Of course, many think the housing market’s hot run simply cannot continue in the second half of the year. The question is whether SHW will slow down with it.
Q2 Return: +11%
YTD Return: +20%
Investor: Jeff Reeves
InvestorPlace Editor Jeff Reeves squeezed into the top five after the first quarter, then kept on climbing to the very top in the months that followed.
The pick behind the outperformance: not-so-sexy tech staple Intel (NASDAQ:INTC).

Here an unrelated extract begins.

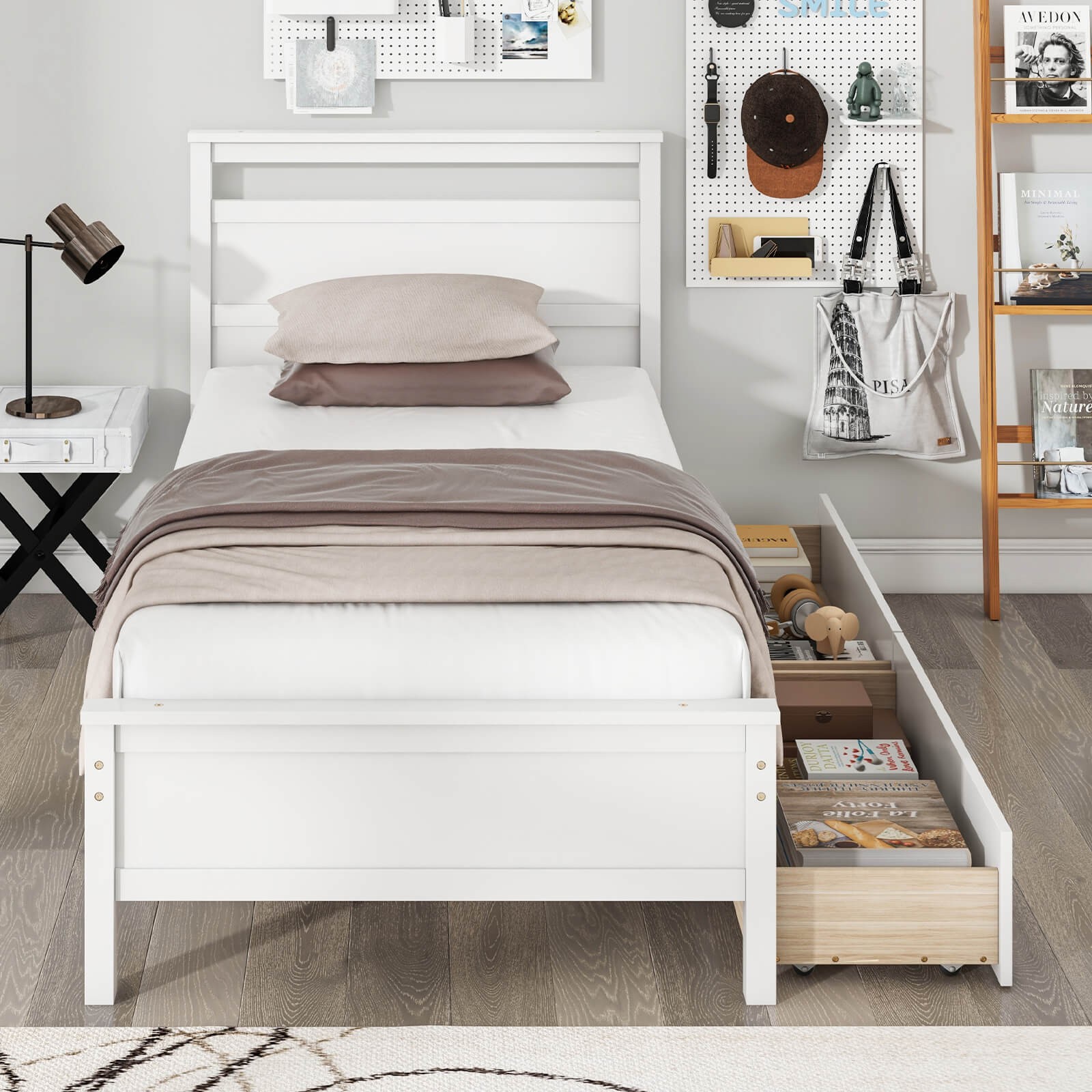 Twin Size Platform Bed w/Drawers 2 Pull-out Drawers Headboard Footboard

After what Reeves described as “two painful showing in this annual stock-picking contest,” he purposely went with “a stable and undervalued blue chip instead of a long shot.
So far, the strategy has been working. Investors began piling into the dividend stock back in April, when Intel reported PC sales that didn’t plummet quite as dramatically as many were expecting in Q1.
Things have cooled off in the past month, but not dramatically considering the general flee from income stocks … and not enough for Intel to relinquish its six-month crown.
As of this writing, Alyssa Oursler did not hold a position in any of the aforementioned securities.